A three-member bench of the NCLAT released Flipkart from the corporate insolvency resolution process.

The National Company Law Appellate Tribunal (NCLAT) has set aside the order of the NCLT to initiate insolvency proceedings against e-commerce major Flipkart. A three-member bench of the NCLAT released Flipkart from the corporate insolvency resolution process and directed the Interim Resolution Professional (IRP) appointed by NCLT to handover the records and assets of the company back to its promoter immediately.

Earlier, on October 24, 2019, the Bengaluru Bench of the National Company Law Tribunal (NCLT) had admitted the insolvency plea filed by Cloudwalker Streaming Technologies, an operational creditor of Flipkart. “We set aside the impugned order dated October 24, 2019 passed by the adjudicating authority (NCLT) and the application filed under Section 9 by the operational creditor Cloudwalker Streaming Technologies Pvt Ltd, company petition is rejected,” said NCLAT.

It further said: “The Flipkart India Pvt Ltd (corporate debtor) is released from the corporate insolvency resolution process.” NCLAT order came over a petition filed by Neeraj Jain, Director of Flipkart India Private Ltd. “Interim resolution professional will handover the records and assets of the corporate debtor to the promoter immediately, who will manage the corporate debtor,” it added on its order passed on February 24. Flipkart’s operational creditor Cloudwalker Streaming Technologies, which used to supply the e-commerce major imported LED TVs, had filed a petition before NCLT contending that Flipkart defaulted for an amount of Rs 26.95 crore.

However, it was rejected by NCLAT saying that the demand notice delivered under Section 8(1) of the Insolvency & Bankruptcy Code (IBC) was “not proper and was also incomplete”. “The operational creditor failed to submit any documents to prove in existence of the operational debt and the amount in default,” the appellate tribunal said observing that Cloudwalker Streaming Technologies also failed to submit the copy of invoices and copies of all the documents referred in the application.

Cloudwalker Streaming Technologies had contended that Flipkart contacted it in selling its product of LED TVs and entered into a supply agreement on December 29, 2016. As per the agreement, it would receive the purchase order, after which it will import and procure the required quantities of LED TVs and deliver the same to Flipkart at its desired location.
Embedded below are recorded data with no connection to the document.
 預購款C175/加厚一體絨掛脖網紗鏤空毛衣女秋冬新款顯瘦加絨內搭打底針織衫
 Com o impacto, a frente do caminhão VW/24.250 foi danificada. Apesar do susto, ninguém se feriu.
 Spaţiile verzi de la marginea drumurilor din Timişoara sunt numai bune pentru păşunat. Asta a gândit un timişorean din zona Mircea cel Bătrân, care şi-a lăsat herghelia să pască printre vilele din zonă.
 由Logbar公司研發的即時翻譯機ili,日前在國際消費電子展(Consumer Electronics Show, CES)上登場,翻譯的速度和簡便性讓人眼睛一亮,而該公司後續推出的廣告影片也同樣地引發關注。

According to the operational creditor, Flipkart received delivery of the first few batches but after that it avoided taking delivery of the LED TVs on the ground of lack of warehouse space.
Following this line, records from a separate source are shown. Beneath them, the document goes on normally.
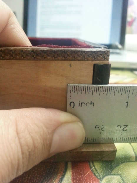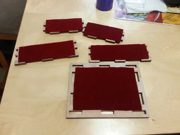 2) ir a su local Jo-Ann y conseguir alguna tela terciopelo para cubrir el interior de la caja. Se puede utilizar pegamento de aerosol o superglue como hice para pegar el fieltro a la madera. Al cortar los bordes del terciopelo de comenzará a desmoronarse. Usted puede hacer un borde liso ejecutando un mechero a través de ella 1/2 en el tejido.
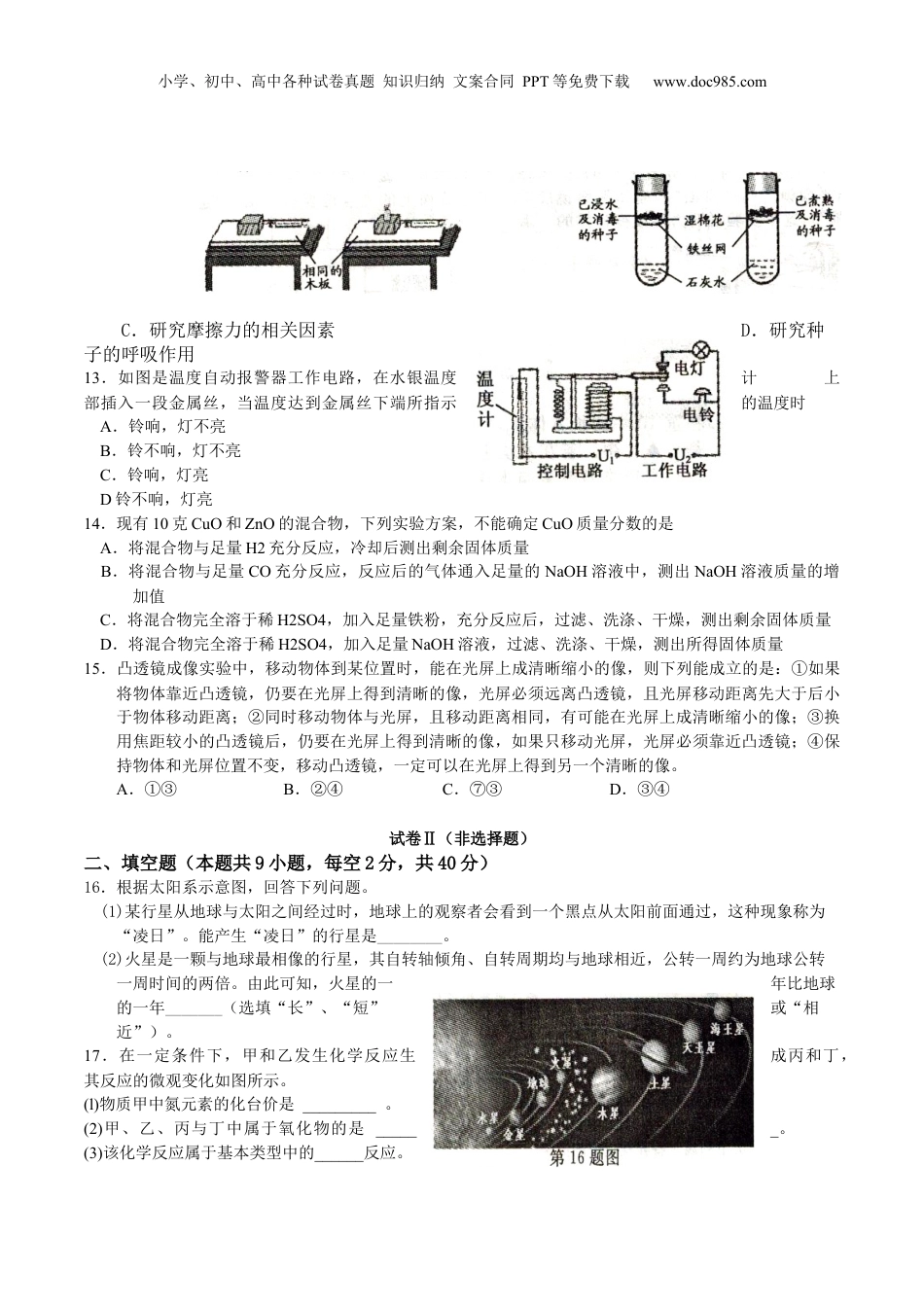 小学、初中、高中各种试卷真题知识归纳文案合同PPT等免费下载www.doc985.com2016年绍兴市初中毕业生学业考试科学本卷可能用到的公式和相对原子质量:密度:ρ=,速度:v=,压强:p=,欧姆定律:I=,功:W=Fs,功率:P=,重力:G=mg,浮力:F浮=G排液=ρ液gV排液电功:W=UIt,电功率:P=UI,杠杆平衡条件:F1l1=F2l2ρ水=1.0×103千克/米3g取10牛/千克H-1C-12N-14O-16Na-23S-32Cl-35.5Ca-40Fe-56Cu-64Zn-65卷I(选择题)一、选择题(本题有15小题,每小题4分,共60分。下列各小题只有一个选项符合题意)1.如图4种生物的细胞中都具有的结构是A.细胞壁B.细胞膜C.细胞核D.叶绿体2.下列属于太阳活动对地球直接影响的是A.耀斑增强时地球上的短波通讯会受到明显影响B.引发火山喷发C.引起板块张裂D.造成地震频发3.如图物体的成分主要是有机物的是A.细胞壁B.细胞膜C.细胞核D.叶绿体4.下列杠杆能平衡的是(杆重和摩擦均不计)ABCD5.下列利用空气某成分物理性质的是A.氧气可以供给呼吸B.氮气可以制造化肥小学、初中、高中各种试卷真题知识归纳文案合同PPT等免费下载www.doc985.comC.干冰用于人工降雨D.稀有气体用作保护气6.如图实验说明,燃烧需要的条件是A.有可燃物B.有助燃剂C.温度达到可燃物的着火点D.可燃物与火焰直接接触7.关于光学显微镜使用时出现的现象与相应处理方法正确的是A.视野中有许多黑色圆圈――重新制作装片B.对光时发现视野较暗——将凹面镜换成平面镜C.要观察的细胞在视野左下方的边缘——将装片往右上方移动D.低倍镜下观察到细胞有重叠——换用高倍镜观察8.如图分类检索表中,鸽子的位置是A.B.C.D.9.下列现象由惯性造成的是A.草地上滚动的足球慢慢停下B.紧急刹车时,站在车上的乘客向前倾倒C.成熟的苹果从树上掉下D.下落的乒乓球触地反弹10.下列属于特异性免疫的图是A.皮肤的屏障作用B.溶菌酶溶解病毒C.吞噬细胞吞噬病菌D.淋巴细胞的免疫作用11.将塑料包装带撕成细丝后,上端打结,然后用干燥的丝绸或毛皮等顺着细丝向下捋几下,希望做成下图的各种情形,其中无法完成的是A.B.C.D.12.控制变量是一种常用的科学方法,下列实验中变量控制不合理的是A.研究影响电磁铁磁性强弱的因素B.研究压力效果的相关因素小学、初中、高中各种试卷真题知识归纳文案合同PPT等免费下载www.doc985.comC.研究摩擦力的相关因素D.研究种子的呼吸作用13.如图是温度自动报警器工作电路,在水银温度计上部插入一段金属丝,当温度达到金属丝下端所指示的温度时A.铃响,灯不亮B.铃不响,灯不亮C.铃响,灯亮D铃不响,灯亮14.现有10克CuO和ZnO的混合物,下列实验方案,不能确定CuO质量分数的是A.将混合物与足量H2充分反应,冷却后测出剩余固体质量B.将混合物与足量CO充分反应,反应后的气体通入足量的NaOH溶液中,测出NaOH溶液质量的增加值C.将混合物完全溶于稀H2SO4,加入足量铁粉,充分反应后,过滤、洗涤、干燥,测出剩余固体质量D.将混合物完全溶于稀H2SO4,加入足量NaOH溶液,过滤、洗涤、干燥,测出所得固体质量15.凸透镜成像实验中,移动物体到某位置时,能在光屏上成清晰缩小的像,则下列能成立的是:①如果将物体靠近凸透镜,仍要在光屏上得到清晰的像,光屏必须远离凸透镜,且光屏移动距离先大于后小于物体移动距离;②同时移动物体与光屏,且移动距离相同,有可能在光屏上成清晰缩小的像;③换用焦距较小的凸透镜后,仍要在光屏上得到清晰的像,如果只移动光屏,光屏必须靠近凸透镜;④保持物体和光屏位置不变,移动凸透镜,一定可以在光屏上得到另一个清晰的像。A.①③B.②④C.⑦③D.③④试卷Ⅱ(非选择题)二、填空题(本题共9小题,每空2分,共40分)16.根据太阳系示意图,回答下列问题。(1)某行星从地球与太阳之间经过时,地球上的观察者会看到一个黑点从太阳前面通过,这种现象称为“凌日”。能产生“凌日”的行星是________。(2)火星是一颗与地球最相像的行星,其自转轴倾角、自转周期均与地球相近,公转一周约为地球公转一周时间的两倍。由此可知,火星的一年比地球的一年_______(选填“长”、“短”...
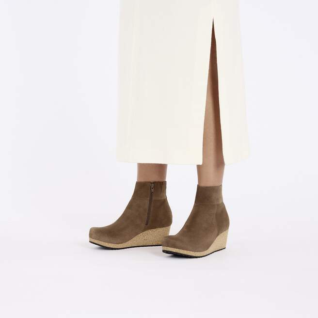 The Ebba ankle boot brings the contoured comforts of the BIRKENSTOCK footbed together with a cork wedge heel¡ªall without adding pressure to the front of your foot. In smooth suede for a classic feel. Level up your style in comfort.
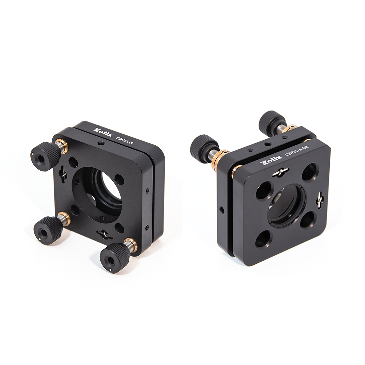 ZOLIX提供的笼式反射镜架可兼容30mm笼式系统也可在自由空间中使用,并可提供左右手安装,适用于Ø25.4mm的光学元件。中心安装孔为SM1螺纹孔,孔内附带2个SM1卡环。笼杆连接通孔处各配有一个位于侧面的锁紧固定螺丝,可使用1.5mm六角扳手紧固,其CSHS1-A-DZ反射镜架调节器提供锁紧功能。
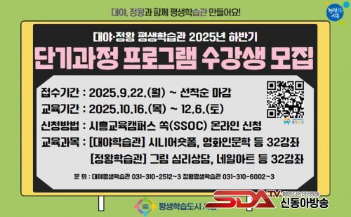 [½Åµ¿¾Æ¹æ¼Û ½ÃÈï½Ã=À̽ŵ¿±âÀÚ] ½ÃÈï½Ã ´ë¾ß ¡¤ Á¤¿ÕÆò»ýÇнÀ°üÀº ¿À´Â 9¿ù 22ÀϺÎÅÍ 2025³âµµ ÇϹݱ⠴ܱâ°úÁ¤ Æò»ýÇнÀ ÇÁ·Î±×·¥ ¼ö°­»ý ¸ðÁýÀ» ½ÃÀÛÇÑ´Ù. ÇÁ·Î±×·¥Àº 10¿ù 16ÀϺÎÅÍ 12¿ù 6ÀϱîÁö ¾à µÎ ´Þ°£ ¿î¿µµÉ ¿¹Á¤ÀÌ´Ù. À̹ø ÇÁ·Î±×·¥Àº Âü¿©Çü ½Ã¹Î Á¦¾È ÇÁ·Î±×·¥À¸·Î, ¼ö¿ä Á¶»ç ±â¹Ý ¸ÂÃãÇü °­Á¸¦ ¸¶·ÃÇϰí, º¯È­ÇÏ´Â »çȸ¡¤¹®È­Àû Æ®·»µå¸¦ Àû±Ø ¹Ý¿µÇØ ÇнÀ ¼±ÅÃÀÇ ÆøÀ» ³ÐÈù °ÍÀÌ Æ¯Â¡ÀÌ´Ù.
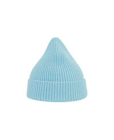 Fine rib-knitted beanie with regular cuff and fully fashioned top. Made of 50% recycled polyester and 50% acrylic. Single knitting to hold its shape well.
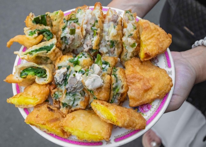 說到隱藏版小吃,在地朋友帶路才找到的「無名蚵嗲」絕對是其一!藏身在小巷弄裡的民宅前,老闆娘的蚵嗲用料超霸氣!麵糊是古早味配方,現點現包現炸。每顆蚵嗲裡都裹著飽滿肥美的東港鮮蚵(鄰居優勢!)、韭菜和高麗菜絲。剛起鍋時,外皮酥脆到不行,咬開後爆出鮮甜的蚵仔汁和蔬菜的清甜,超級好吃!鮮蚵真的給得不手軟。缺點是位置隱密,沒人帶路不好找,而且只賣下午幾個小時,賣完就收。

It further submitted that later, Flipkart started delaying the collection of the LED TVs, and in some instances did not collect them at all. In an attempt to gain more profit out of the goods ordered, Flipkart was putting pressure on Cloudwalker Streaming Technologies to offer the already imported and warehoused LED TVs, at a discounted price.
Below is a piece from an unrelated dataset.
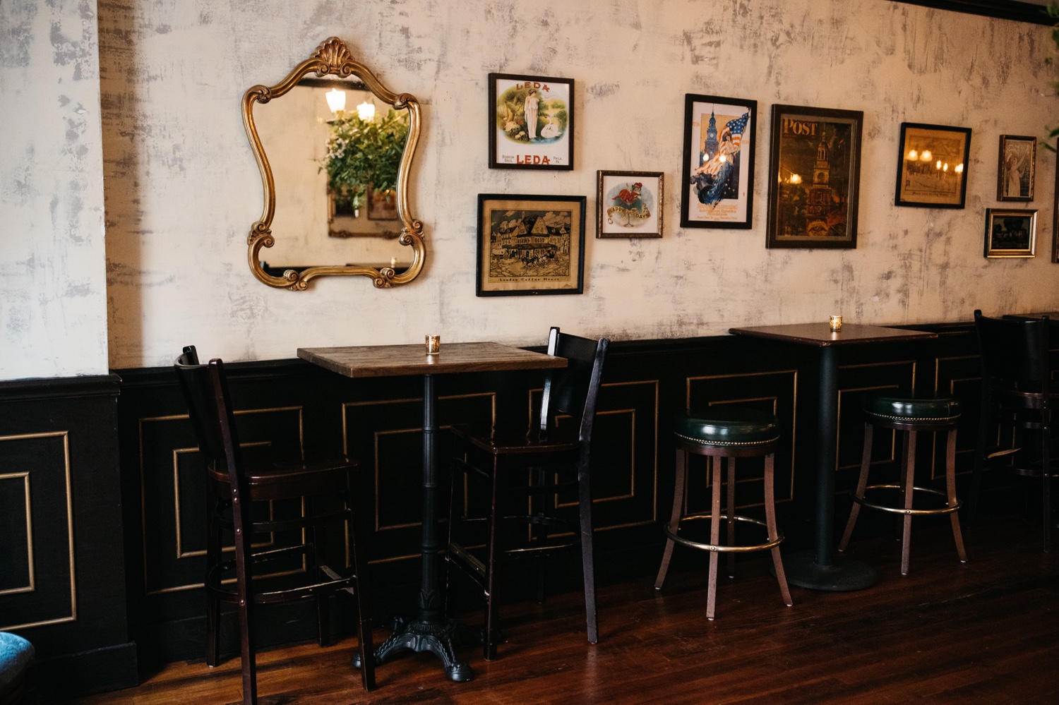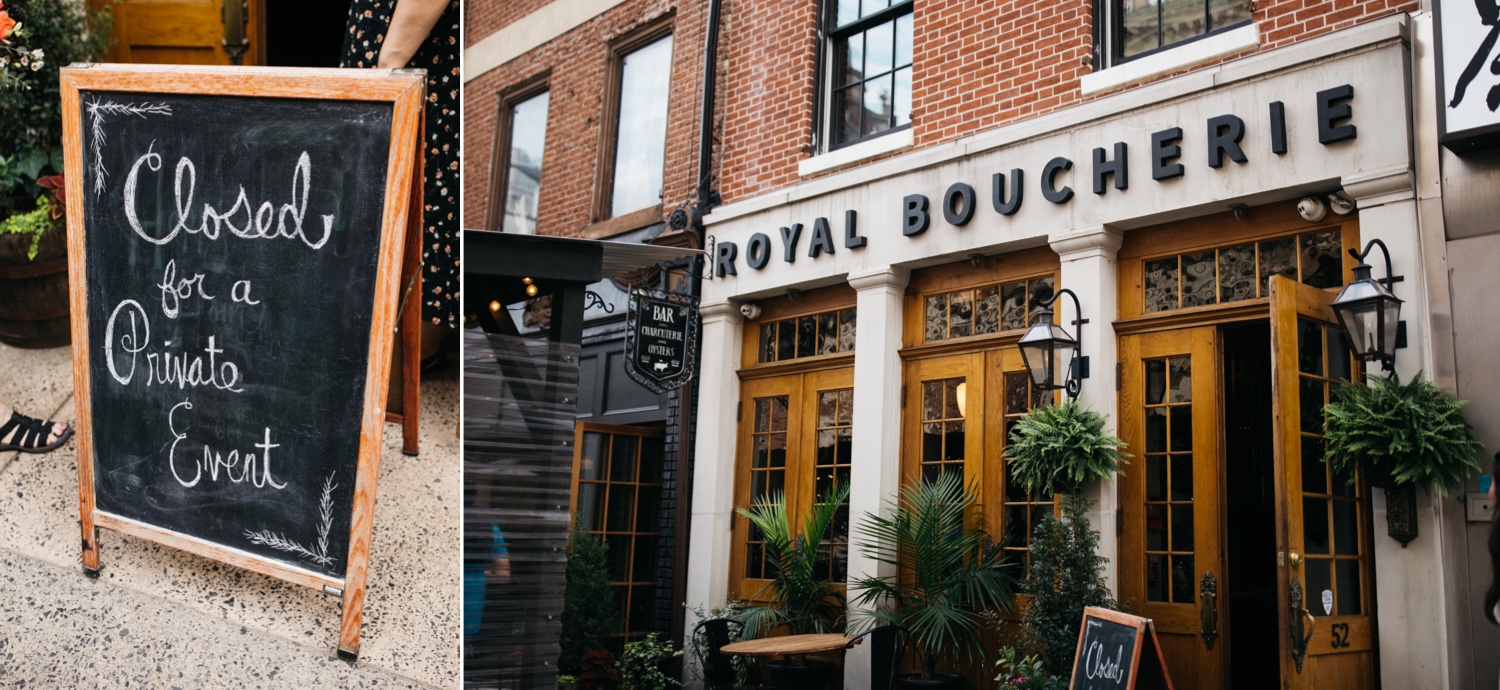 Venue and food: Royal Boucherie | Florist: Le Petit Jardin en Ville | Hair: Andre Richard Salon | Dress: Fabienne Chapot | Suit: Indochino | Rings: Bario Neal | Cake: Second Daughter Bakery | Band: Snacktime Philly
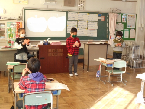 友達が読んだ昔話の面白かったところをインタビューしてプリントにまとめ、感想カードを書いて発表しました。

Later, the operational creditor demanded payment of the LED TVs procured and imported from October 11, 2017 to December 1, 2017, based on the import and the purchase order issued by Flipkart, which failed to collect more than 70 per cent of the stock as ordered by them till March 2018. It issued a demand notice on June 8, 2019. This was rejected by Flipkart, saying that there was no admitted debt or liability and an amount of Rs 85.57 crore was paid.

Challenging the order of NCLT, Flipkart contended that the order was passed without appreciating the fact that Cloudwalker Streaming has not produced any documentary evidence as purchase orders, acceptance letters, invoices and proof of any intimation of sale to the end customers or any post-delivery services with specific reference to the amounts.

Moreover, claim for damages cannot amount to an operational debt under IBC and hence it can not be treated to have committed default, contended Flipkart. Consenting to submissions of Flipkart, NCLAT said: “The operational creditor has failed to submit the relevant documents under which the debt has become due.” On August 18, 2018 US retail major Walmart had completed acquisition of 77 per cent stake in Flipkart for about USD 16 billion, a deal which gave the US retailer access to the Indian e-commerce market.